In 353 he was dispatched to Britain by Constantius to arrest certain former supporters of the usurper Magnentius, who had been defeated earlier in the year. According to Marcellinus, once Paulus arrived, he widened his remit and began arresting other figures on entirely trumped-up charges. Marcellinus reports that Paulus' methods were so extreme and so unjust that eventually the vicarius of Britain, Flavius Martinus, although a loyal supporter of Constantius, intervened. Threatening to resign, he attempted to persuade Paulus to release the innocent prisoners he had taken, or at least to slow down his inquisitorial activity. Paulus refused. He turned on Martinus, falsely and publicly accusing him and other senior officers in Britain of treason and threatening to take them to the emperor's court in chains. In either desperation or rage, Martinus attacked Paulus with a sword. However, the attack failed and the vicarius committed suicide.

Paulus seems to have been involved in the fall of Constantius Gallus in 354, or perhaps merely in the trials that followed. Philostorgius adds that Paulus "had been one who had often displayed particular hostility to Gallus in his actions," though no details are known.

Following Marcellinus' account, Paulus was in Gaul in 355, rooting out supporters of the usurper Silvanus. He reportedly had several counts killed, and tortured at least one individual almost to death.

In the years between 355 and 359 Paulus' movements are not known. However, modern scholars argue that it is likely Paulus spent all or some of this time in Julian's court. Whether his role was as a spy for Constantius (as conjectured by Otto Seeck) or simply as a courtier is not known. Evidence for his presence in Julian's court comes from two sources: 1. In Julian's Letter to the Senate and People of Athens, he states that Constantius "hired [Paulus] to attack me." 2. In 358 Libanius wrote to Paulus, thanking him for urging Julian to write to him.

In 359, Paulus (accompanied by the comes Oreientis Modestus) was sent to the Roman East with general instructions to root out traitors and broad authority to conduct trials. Marcellinus adds that he was particularly interested in investigating certain parchment scrolls left in the temple of the oracle of Besa, bearing the prayers and wishes of supplicants. The historian implies that the real parchments were entirely inoffensive, but that they were incredibly easy to forge, and thus gave Paulus the ability to try and convict anyone. In any case, Paulus set up a court at Scythopolis and tried several people. He tried and convicted Aristophanes of Corinth (a friend of Libanius') of certain fiscal crimes. After Julian's ascension in 361, Libanius appealed to the emperor on behalf of Aristophanes. Julian granted a pardon to the man, clearing Aristophanes of, in Julian's words, all "the malicious charges of Paul."
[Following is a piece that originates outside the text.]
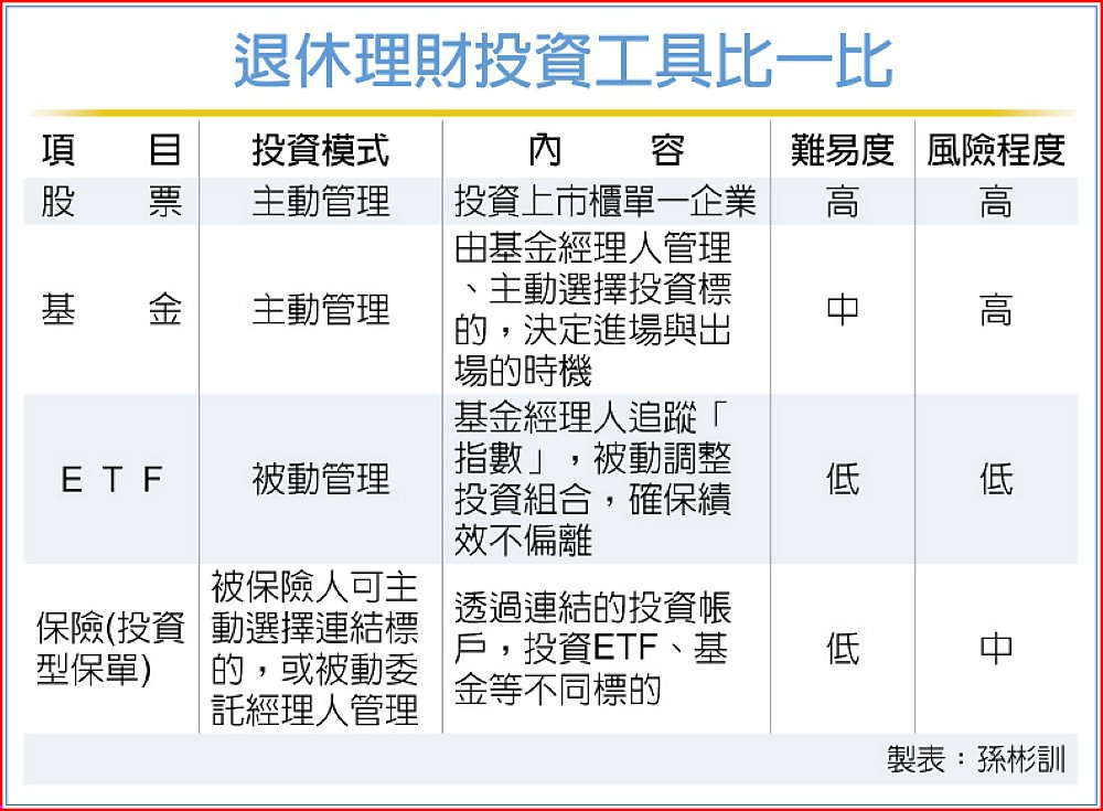 退休理財投資工具比一比

On June 23, 359 Paulus appeared in Alexandria and acted with imperial authority to punish the opponents of Bishop George of Cappadocia. The Historia Acephala describes him publishing an imperial order, indicating the extent of his power in this period.

In late 361 or early 362, upon the ascent of Julian to the emperorship, Paulus was condemned to death by the Chalcedon tribunal. He was burned alive. It is possible that in prescribing this sentence (or perhaps in convicting Paulus at all), the commission was acting on Julian's explicit orders: Philostorgius reports that "[Julian sent Paulus] to Chalcedon, where he exacted satisfaction from [him]."

==Legacy==
Paulus remains a minor character in the history of the Constantinian dynasty. Many scholars, including Gibbon, see him as an exemplification of Constantius' paranoid reign, and contend that Constantius bears the ultimate responsibility for Paulus' perversions of justice. Peter Crawford acknowledged that the emperor’s employment of officials like Paulus was "unscrupulous." Though few historical events can be definitively classified as results of Paulus' actions, Thomas Wright asserts that Paulus' destabilization of the Roman administration in Britain allowed the hostile Picts and Scots to invade and pillage Roman settlements.